O poder de Jesus vence qualquer outro poder. Por isso, há um só poder com que nós devemos contar: o poder de Deus. “Quem não conta com Deus, não sabe contar” (B. Pascal). Crer verdadeiramente em Jesus, com todas as consequência deste crer, é ser vitorioso, pois Deus tem a ultima palavra sobre os homens. Mesmo que o mal tenha uma aparência poderosa, ele não tem futuro. Somente o bem tem a marca do futuro, uma marca divina, uma marca da eternidade.
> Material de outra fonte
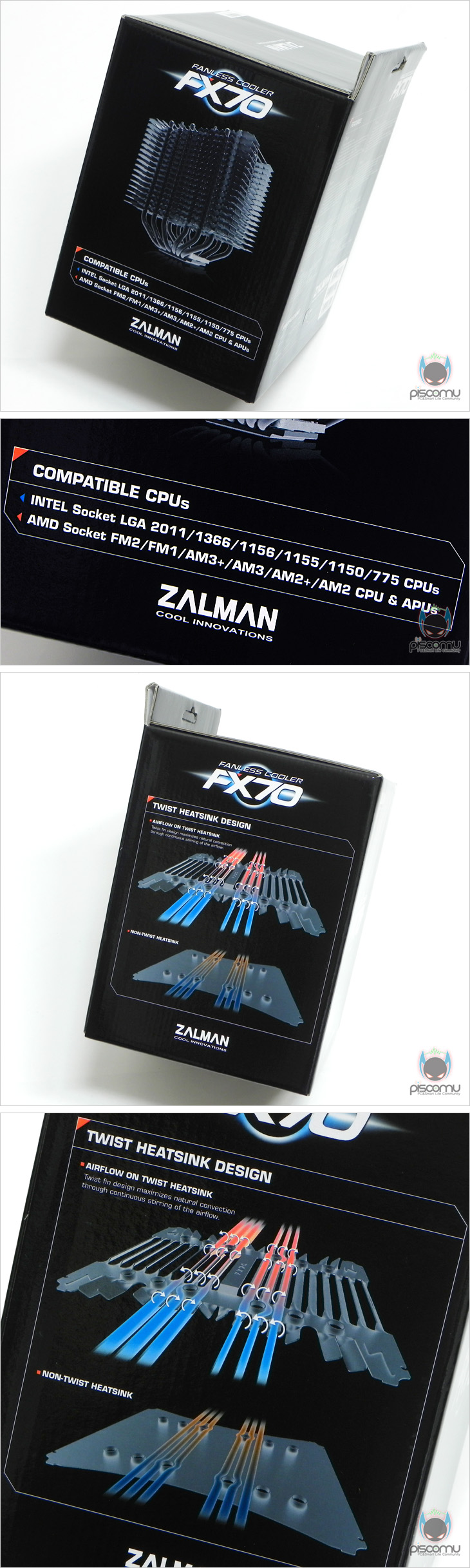 국내 냉각 솔루션 및 종합 하드웨어 업체인 ㈜잘만테크는 작년 CES 2013에서 자사의 첫 팬리스(Fanless) 쿨러 FX100을 선보였습니다. 그리고, 1년 지난 올해 CES 2014에서 잘만테크는 이에 후속 모델을 공개했는데, 바로 ‘FX70’ 입니다. 현재의 프로세서 공정을 고려해 최근 냉각 솔루션 업체들이 TDP 지원을 줄인 팬리스 쿨러들을 선보이고 있는데, 잘만테크 역시 FX100때보다 TDP를 줄인 후속 모델로 FX70을 공개했고, 드디어 출시를 앞두고 있습니다. 그럼, 1년 만에 새 모델을 공개한 잘만테크의 두 번째 팬리스 쿨러 FX70을 만나보겠습니다.

Será que somos como os gadarenos que desaprovam a presença de Jesus Cristo, nosso libertador de nossos males? Que lugar ocupa Jesus nossa vida e que lugar ocupam os bens materiais na nossa vida. Os gadarenos preferem perder Jesus a perder seus bens (porcos). Precisamos pedir a Jesus que nos liberte das cadeias que nos atam, dos males que nos possuem, das debilidades que nos impedem de uma marcha ágil em nossa caminhada cristã. E temos nos esforçar para corrigir nossos erros. Não corrigir os nossos erros é uma maneira de cometer novos erros.